Роль глуповатой беззащитной дамочки в беде, от которой мужчины таяли, давалась Вадоме отлично. Она крутила головкой, отрывисто дыша через рот, как и полагается взволнованной, готовой вот-вот упасть в обморок женщине; хлопала ресницами, скрывающими блеск бездушных глаз.
Мистер Норрис, человек зрелый, статный, примерный семьянин, молодцевато крякнув, поправил засаленный галстук.
Слаг извился в судороге приближающегося нервного срыва, метнув гневный, требовательный взгляд на жену, которая игнорировала его, смотря в невидимую точку на стене. «Сделай хоть что-нибудь, будь душкой!» – кричал взгляд Слага.
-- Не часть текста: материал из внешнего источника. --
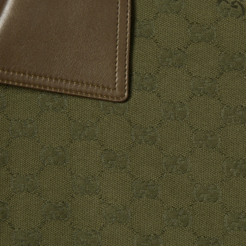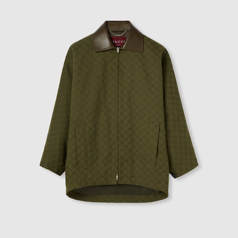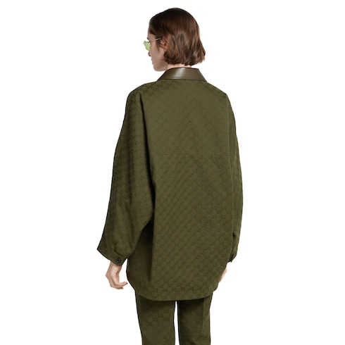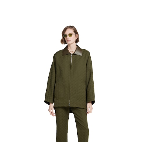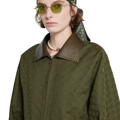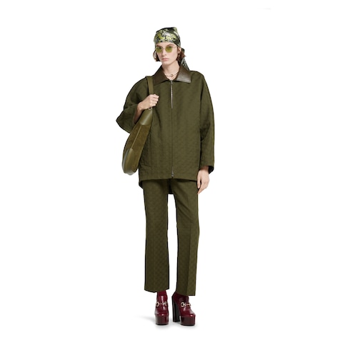 Le vert, fil conducteur du récit chromatique de la collection Pre-Fall 2025, s’exprime avec éclat à travers des textures variées, des détails logo et une palette de nuances, comme en témoignent les tenues présentées lors du défilé. Confectionnée en toile GG vert forêt emblématique, cette veste présente un col en cuir contrastant.

– Поймите, госпожа Лаветт, – кашлянул нотариус, прищуривая подслеповатые глаза, обращаясь конкретно к предмету минутного обожания, – решение вопроса наследования – вопрос весьма деликатный, требующий усердного… пристального… Морал, помогите!
– Усердия? – промямлил доктор. Он не ожидал, что кто-то обратится к нему. Он не ожидал, что кто-то вообще его видит.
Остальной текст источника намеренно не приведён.